Pre-screening reading by writer and co-programmer Isaac Butler (The Method: How the Twentieth Century Learned to Act), and post-screening book signing.

 
A Streetcar Named Desire

Dir. Elia Kazan
1951, 125min, 35mm
With Vivien Leigh, Marlon Brando, Kim Hunter

 

“Inner torments are seldom projected with such sensitivity and clarity on the screen.”—The New York Times

There is American acting before Brando, and after Brando. Written for the stage by Tennessee Williams, A Streetcar Named Desire showcased his vast, subversive range. With a boldly naturalistic and experimental central performance—the first of its kind on the American screen—this renowned drama is directed by Actors Studio co-founder Elia Kazan and features Actors Studio members Kim Hunter and Karl Malden. It follows the troubled Blanche DuBois (Leigh) as she leaves small-town Mississippi and moves to New Orleans to live with her sister, Stella Kowalski (Hunter), and Stella’s brutish husband, Stanley (Brando). When Blanche's flirtatious Southern-belle presence and complicated past agitates the already volatile relationship between Stella and Stanley, the results are explosive.

 
Meet Marlon Brando

Dirs.
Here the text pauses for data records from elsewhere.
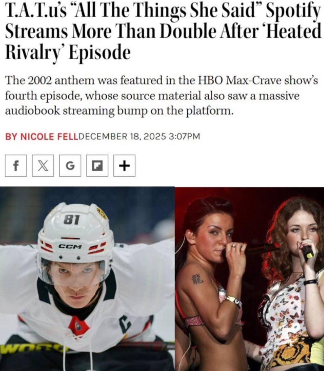 хоккейных матчах в США и Канаде, а за последние пару дней на Спотифай ее послушали уже более миллиона раз (прирост на 135%). Что же случилось? Всё дело в свежей серии хоккейного сериала HBO про крепкую мужскую дружбу, «Жаркое соперничество». Тот самый «сериал про хоккеистов», где молодой россиянин и канадец играют в разных сборных, но глобально они из одной команды. На льду они заклятые враги, а в жизни, ну вы понимаете, Роскомнадзор. В одной из самых драматичных сцен звучит именно хит группы ТаТу. Сам сериал уже ворвался в топы по просмотрам, метит на «Золотой глобус», а критики называют его революционным и одним из самых увлекательных шоу года. Он и правда неплохой, хотя в России его покажут едва ли, даже на самых пиратских сервисах.
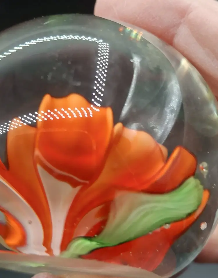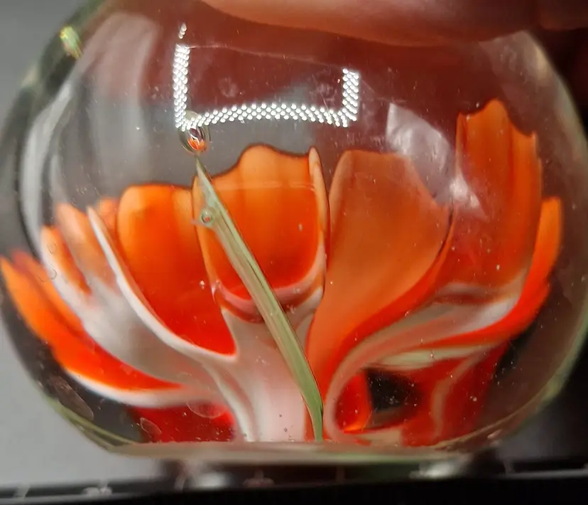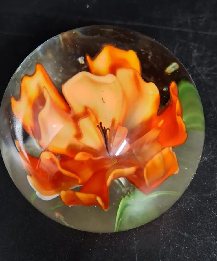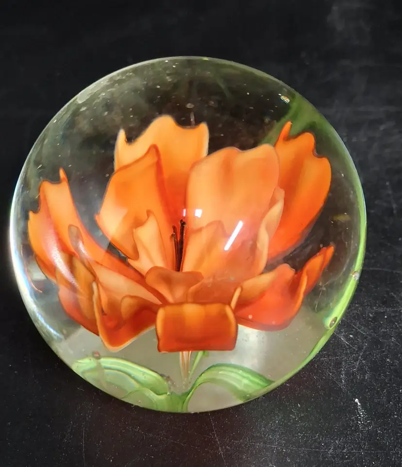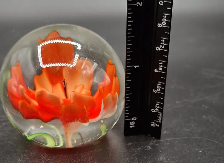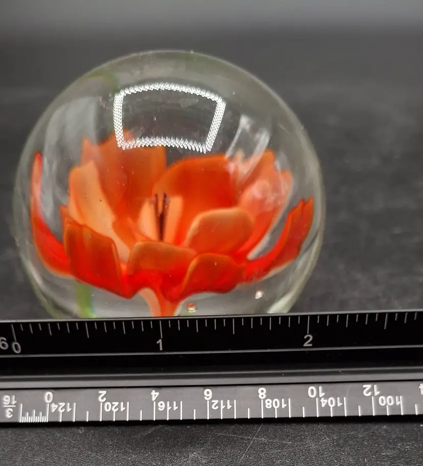 Add a touch of vibrant artistry to your desk, shelf, or display case with this Floral Scarlet Art Glass Paperweight. Encased within the clear glass dome is a beautifully crafted scarlet flower, complete with layered petals and delicate color transitions that give it a lifelike, glowing presence.
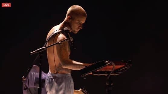 Justin Bieber returned to the stage after 4-year hiatus and performed at the 68th Grammys. Performing at Yukon, the singer's outfit consisted of only shorts. He stared into a large rectangular mirror with a guitar slung over his shoulder.
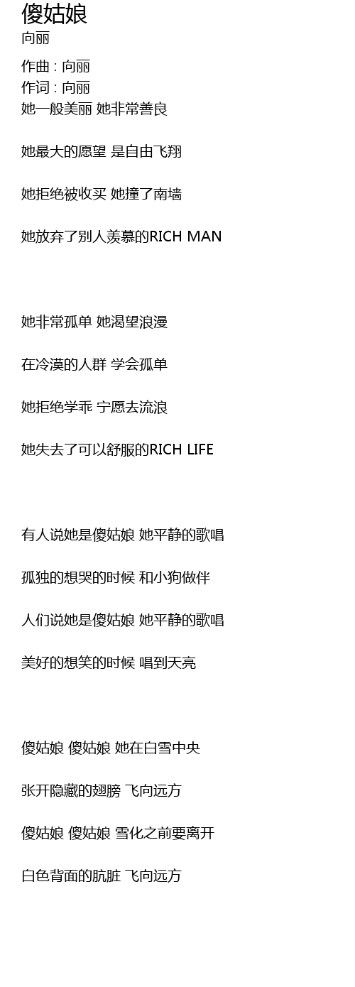 | 有人说她是傻姑娘 她平静的歌唱 | |
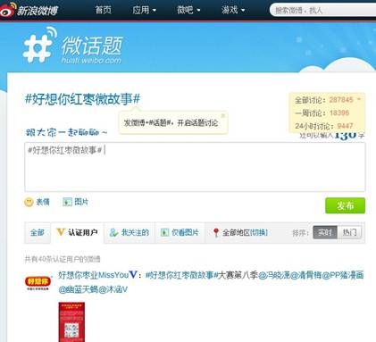 “好想你”是大众词汇,直接说好想你,难以联想到红枣,但“红枣领导品牌”又太长,影响话题传播,综合考虑最终用#好想你红枣微故事#作为话题,进行段子营销。
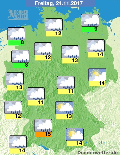 Ziehen von Westen dichtere Wolken mit zeitweiligem Regen oder Schauern übers Land. Am längsten freundlich und trocken bleibt es in der Südosthälfte. Auch im Nordwesten kann es am Nachmittag wieder gelegentlich die Sonne hervor kommen. Mit Temperaturen zwischen 10 und 17 Grad wird es insgesamt nochmals sehr mild. Lediglich im Nordwesten kühlt die Luft bereits ab, so dass sich die Temperaturen meist unterhalb der 10 Grad – Marke aufhalten. Der Süd- bis Südwestwind kann anfangs gebietsweise böig auffrischen, im Tagesverlauf beruhigt er sich aber.
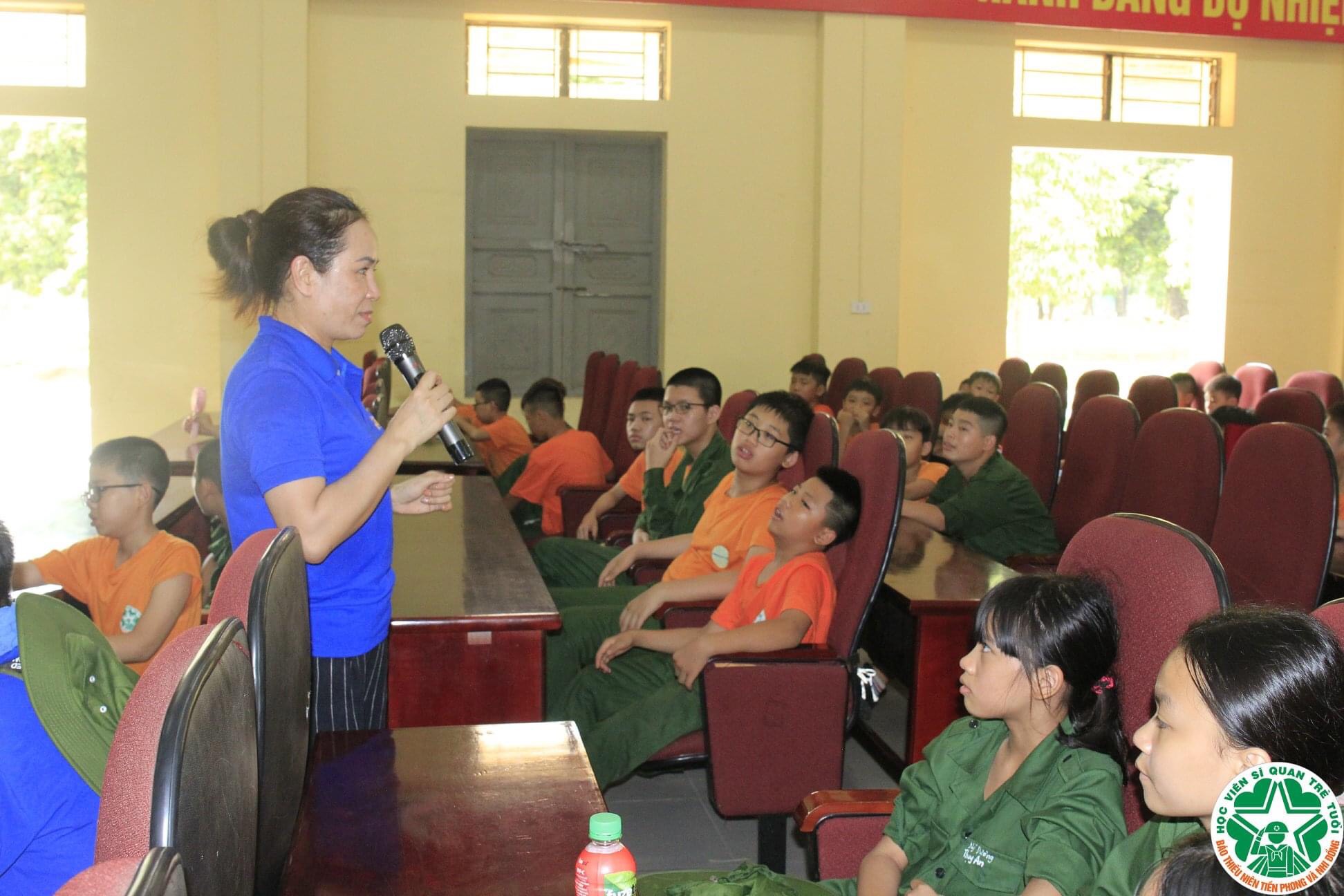 Hình ảnh Chuyên gia Giáo dục kỹ năng sống Nguyễn Lệ Thủy đang giới thiệu cho các học viên về kỹ năng phòng chống xâm hại
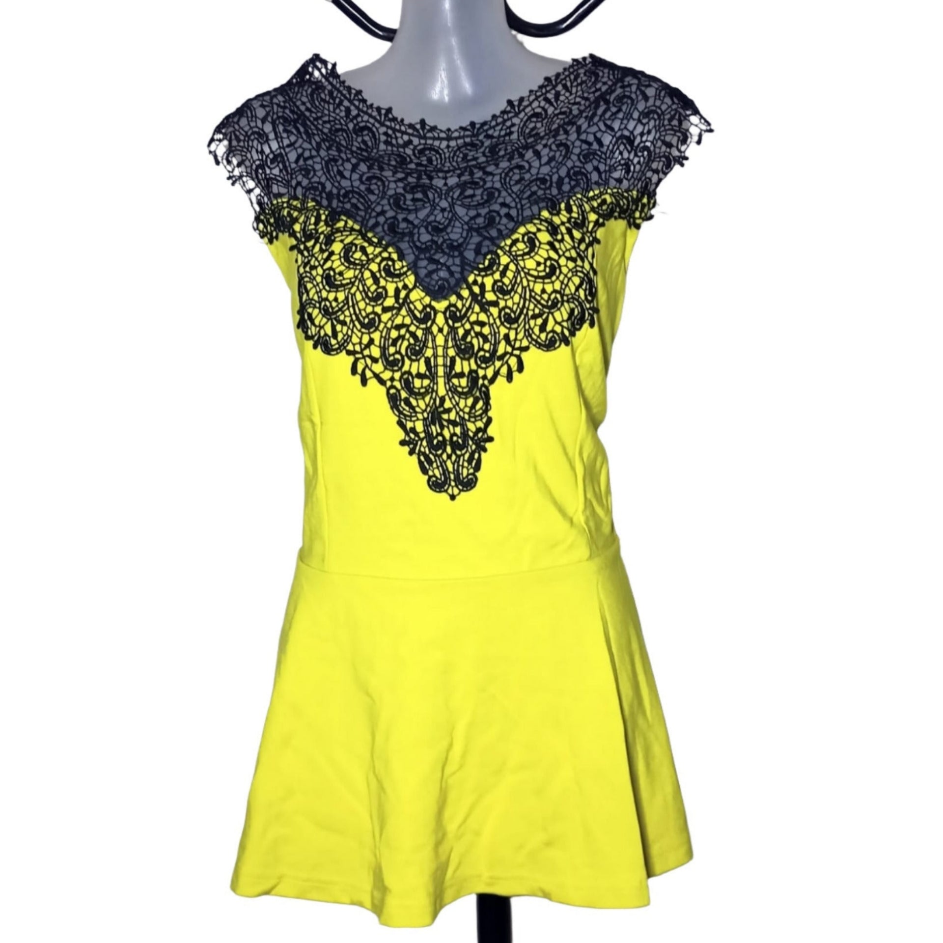Elevate your style with our stunning City Chic Medium peplum top in vibrant yellow with delicate black lace detail. The perfect combination of bold and feminine, this top will make you stand out in any crowd. Experience comfort and confidence in this must-have piece.

David Maysles, Charlotte Zwerin, Albert Maysles
1966, 29min, DCP

 

“Possibly the best and most appealing personal portrait of a major film star ever made.”—The New York Post

In this rare candid portrait of the now world-famous movie star, television journalists attempt to interview Marlon Brando about his most recent film, Morituri (1965). Through a tongue-in-cheek press junket in a New York hotel room, Brando—always smiling and never modest—counters standard issue questions with replies that are surprising and revealing. Pioneering documentary filmmakers Charlotte Zwerin and the Maysles brothers capture Brando playing one of his most revealing characters: himself.